There are ways you may bring the light to your home as well. When the evenings get especially cold, a five-gallon bucket can turn into a vessel that creates beautiful lanterns! Simply fill them with water—boiled water will produce a clearer ice—place them outside on a sub-freezing evening for 24 hours. Then bring them inside and run warm water over the sides and bottom to release the ice.
The water that was directly exposed to the air at the top of the bucket is now your solid base for the bottom. Since the water will not freeze all the way through in 24 to 48 hours, take a hammer and gently tap on your new top to the watery core. Once the water is removed, this will create the opening in which to place a LED lantern.
You will have created a large luminary that you can use to line your walkway or entrance way to your home. These luminaries, coupled with soft LED light strands on bushes/trees/eaves can help brighten the dark winter months and create a more inviting home-life.
If you have a fire pit or a fire ring, keep the area shoveled and prepped for a spontaneous bonfire on a cold and dark winter evening. Besides being novel, it creates a unique way to gather friends and family during a time in which you normally would gather indoors.
Don’t have a fire pit? Keep your outdoor grill handy for a get-together with an unexpected flair.
Staving off the winter blues is within most of our control if we choose to embrace the season, rather than dread its arrival. Creating new habits and traditions may even make you enjoy this time of year a little more.

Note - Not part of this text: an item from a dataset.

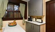 Dans la cour classique se trouve une petite maison d'hôtes confortable (parfaite pour les adolescents ou les grands-parents), qui dispose d'un lit double king size et d'une salle de bain privée avec douche et WC. Plus bas dans le jardin se trouve uneautre maison d'hôtes, qui a été décorée comme un charmant petit appartement séparé. L'appartement dispose de deux chambres (1 king size et 1 chambre avec 2 lits simples), d'une salle de bain commune, d'une petite cuisine et d'un petit patio. Les deux maisons d'hôtes séparées sont parfaites pour les grands groupes, car une famille avec de jeunes enfants peut y trouver le silence le soir ou les plus âgés du groupe peuvent vouloir avoir un peu d'espace pour eux-mêmes.

For me and my family, traveling to cold winter destinations during January has become a way to celebrate winter even more. The colder, windier and snowier the better! Most people think we are crazy, but once you see people who live in harsher environments than we have during winter in Door County, you may begin to celebrate and look forward to this quiet time of year.
Take control of the light this winter and find fun ways to venture outdoors, whether for a candle-light hike, ski or snowshoe, a winter bonfire or simply look at how your community or neighbors have lit their streets or homes.
Darkness is actually important, but so is a little light at this time of year. Enjoy winter and remember that something waits underneath the frozen ground. The whole story doesn’t show.